Écrit par un moine dominicain, le "Marteau des sorcières" est devenu pendant deux siècles le manuel des juges lors de la chasse aux sorcières.

Jan Luyken (Domaine public).
Comme Anneken Hendriks à Amsterdam en 1571, de nombreuses femmes ont été brûlées après avoir été accusées de sorcellerie. ©Jan Luyken (Domaine public).

Rome, le 5 décembre 1484. À la demande de l'inquisiteur Heinrich Kramer Institoris, le pape Innocent VIII proclame la bulle Summis desiderantes affectibus. En clair, la sorcellerie est désormais officiellement vue comme "un crime de lèse-majesté".

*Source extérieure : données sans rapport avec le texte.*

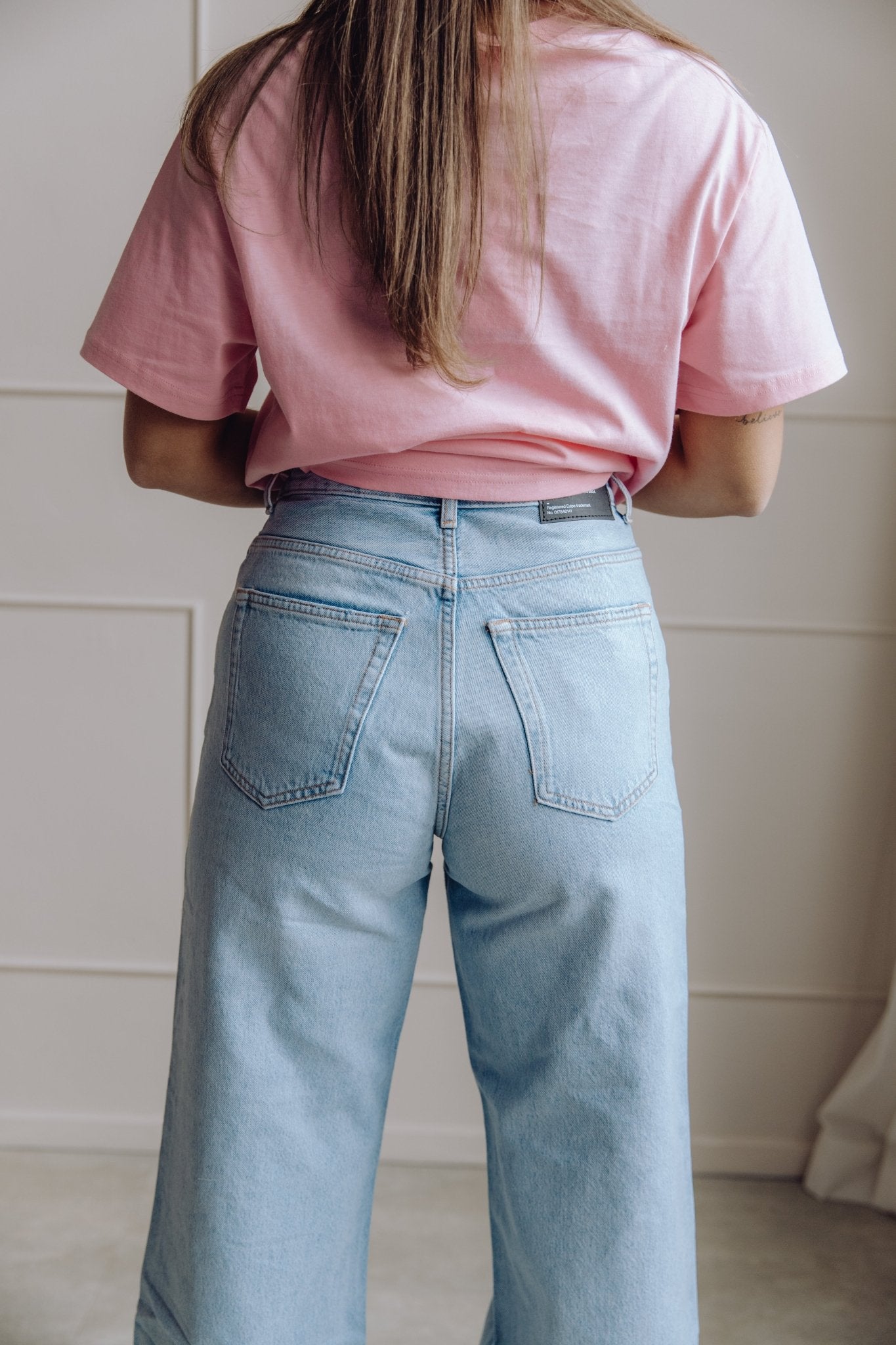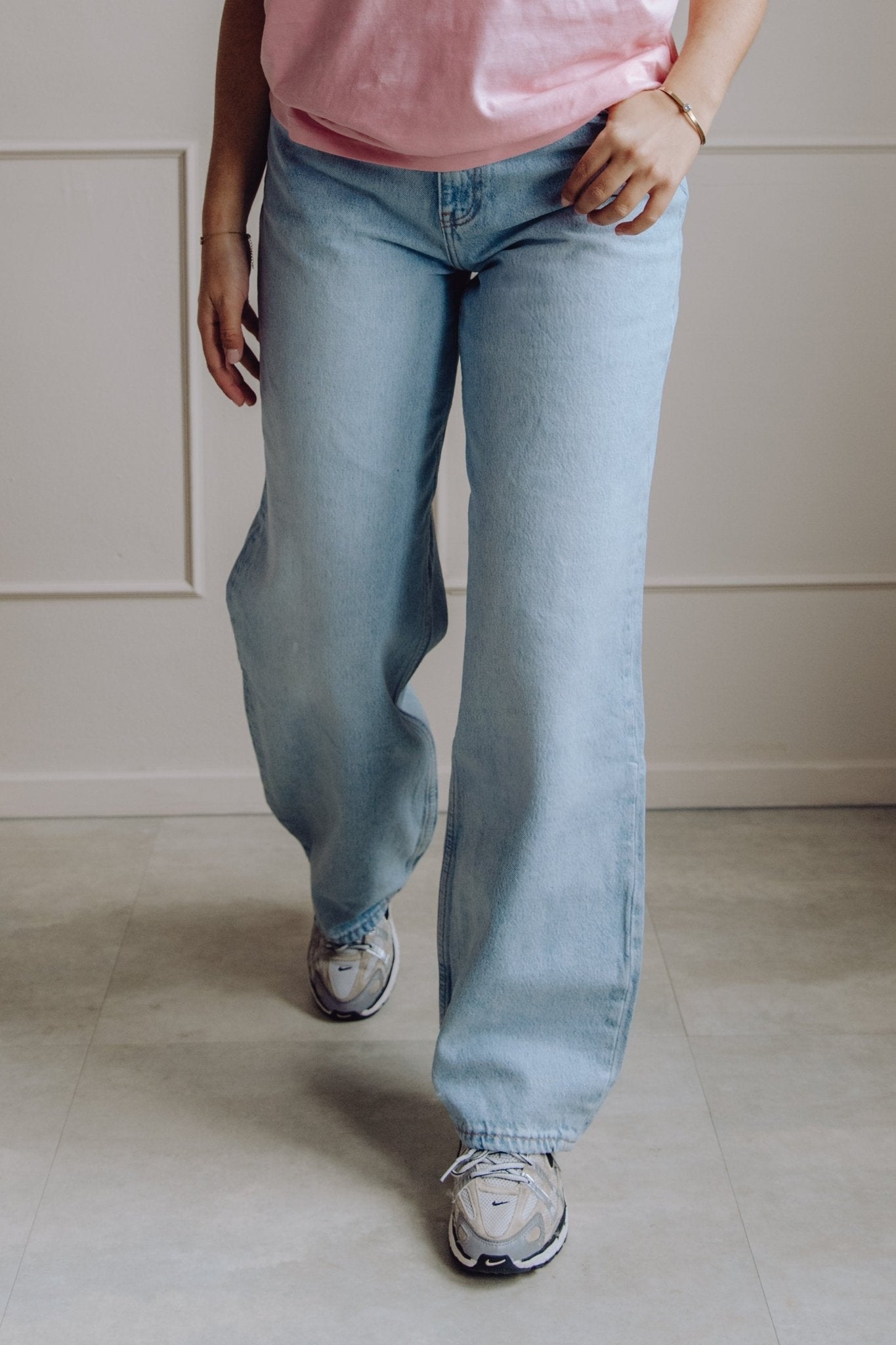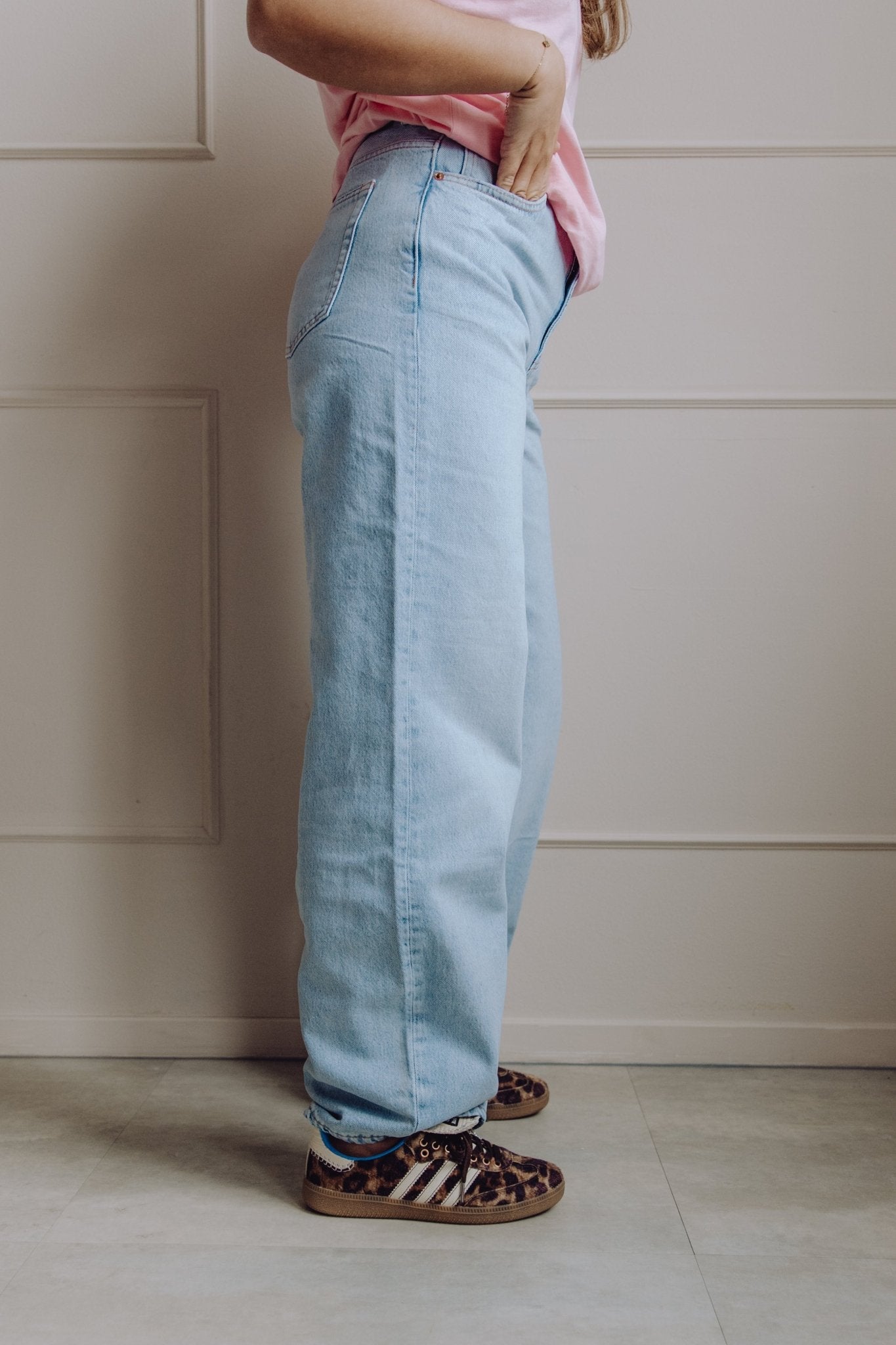 De Donna Jeans in stream light liquid is een wide leg jeans gemaakt van een denim stof zonder stretch. De broek heeft een high waist model en heeft meerdere zakken, riemlusjes. en een Dr.Denim patch op de achterkant.

Innsbruck, février 1486. Heinrich Institoris fait grise mine. Après des mois dans la région, le moine dominicain originaire de Sélestat lance une enquête contre une cinquantaine de suspects. En majorité des femmes. Ses poursuites sont stoppées nettes par l'évêque du coin qui ira même jusqu'à chasser l'inquisiteur de la ville. "Ça s'est mal passé", confirme Franck Mercier, professeur d'histoire médiévale à l'université de Rennes-2 qui a travaillé sur la chasse aux sorcières. "Le Malleus Maleficarum a été le produit d'un échec."